Rivals ranked Stanford’s recruiting class 22nd, but, given their recruiting constraints, you could argue it was the best class in the country. Nick Saban will jettison upperclassmen to cram in all the four and five-star talent he signed, but he doesn’t have to ensure all those kids could get into Stanford.
Using their increased profile, Stanford has recruited nationally, targeting the few elite prospects with academic pursuits beyond eligibility. They landed six of Rivals’ Top 250 recruits, most notably top-100 Georgia linebacker James Vaughters. That number would have been higher had Harbaugh not left.

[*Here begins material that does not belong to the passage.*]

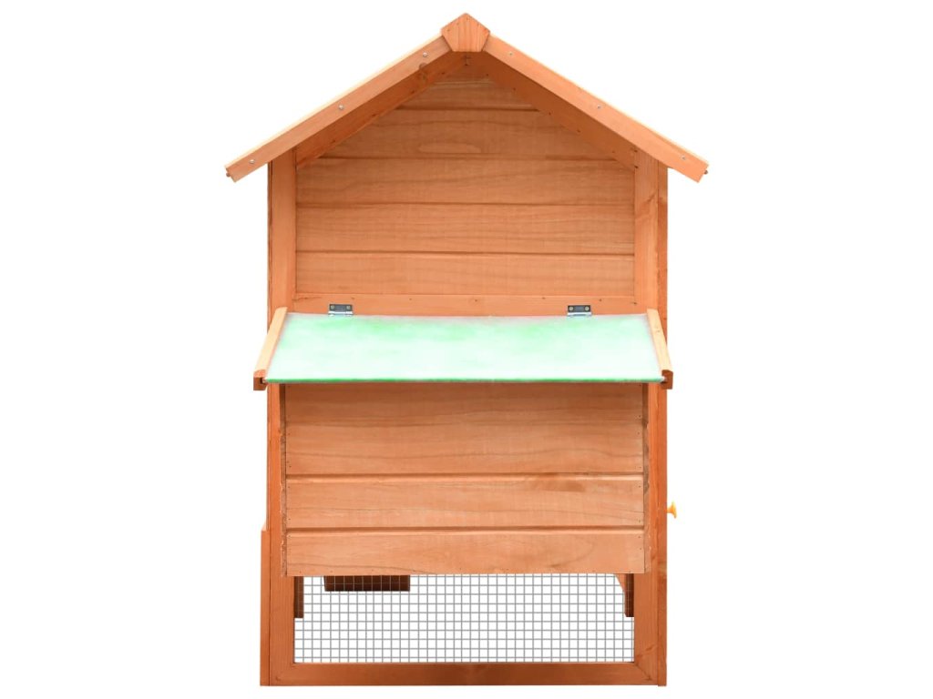 Pletivová konstrukce z železných drátů vám umožní kuřata neustále sledovat a zajistí v kleci volné proudění čerstvého vzduchu. Kurník tvoří vysoce kvalitní dřevěný rám, který vám bude sloužit po dlouhá léta. Zelená střecha chrání obyvatele před deštěm a v útulném domečku se krásně vyspí. Ze spodního do horního patra vede rampa, po níž mohou zvířata snadno vyšplhat nahoru. Výsuvné dno klece usnadňuje její čištění. Dvířka lze jednoduše zavřít a zajistit zasouvacími západkami.

Being able to read at a collegiate level does not adversely effect college football performance. Toby Gerhart and Andrew Luck are the last two Heisman runners up. Both were high-school valedictorians.
Stanford has brought in Top 25 classes the past three signing days. The question is whether the Cardinal’s strategy is sustainable. Harbaugh, by all accounts, was an animal as a recruiter. David Shaw will start in a better position, but without Harbaugh’s energy and “character and cruelty” shtick it’s unlikely the quantity and quality of recruits will be the same.

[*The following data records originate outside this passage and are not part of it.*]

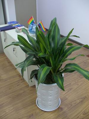 现在,屋里有家的感觉了。进门,就看见左手边放着张桌子,上面摆放着一些资料,云南省疾病控制中心、云南艾滋病防治研究中心、云南省疾病防治监测中心编写的《预防艾滋病宣传手册》,还有其他防艾资料。一个形似脚杯的瓶子里装着免费发放的安全套,插着两支小六色旗。恐龙说,是“爱白”赠送的,国内几乎不见生产这类旗子。
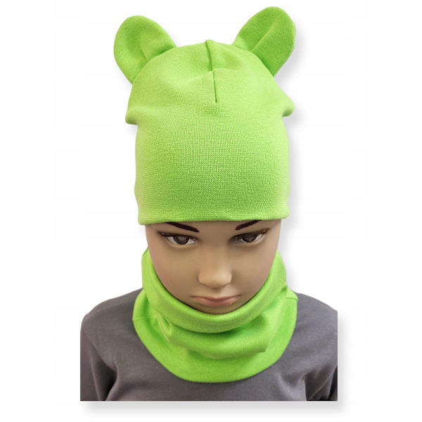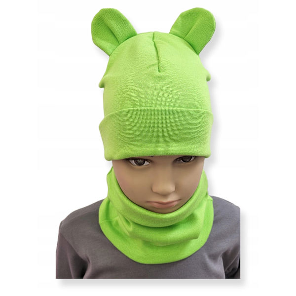 Set Hatt + Halsduk 92-98-104 för barn med öron storlek 46-50 grön
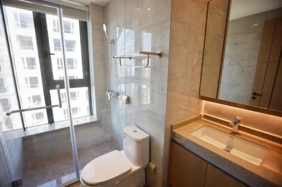 從房間和臥室,還可以看到不遠處的黃浦江風光。完全實現了拎包入住。

Even with Harbaugh’s vitality, Luck was pivotal. Stanford has no margin for error. They need their top prospects to pan out or exceed expectations every time to compete on a national level. If Luck was merely an average Pac-10 quarterback, Stanford would still be butting up against a 7-8 win ceiling. Harbaugh isn’t the hottest coaching commodity in the NFL.
Stanford efforts are commendable, but unless they bring in Andrew Luck every four years, 12-1 will be an exception to a more reasonable norm. Relying on players that could attend the school without football won’t have the Cardinal beating Cal every year, but they will have the moral high-ground to taunt the bears for relying on JUCO kids.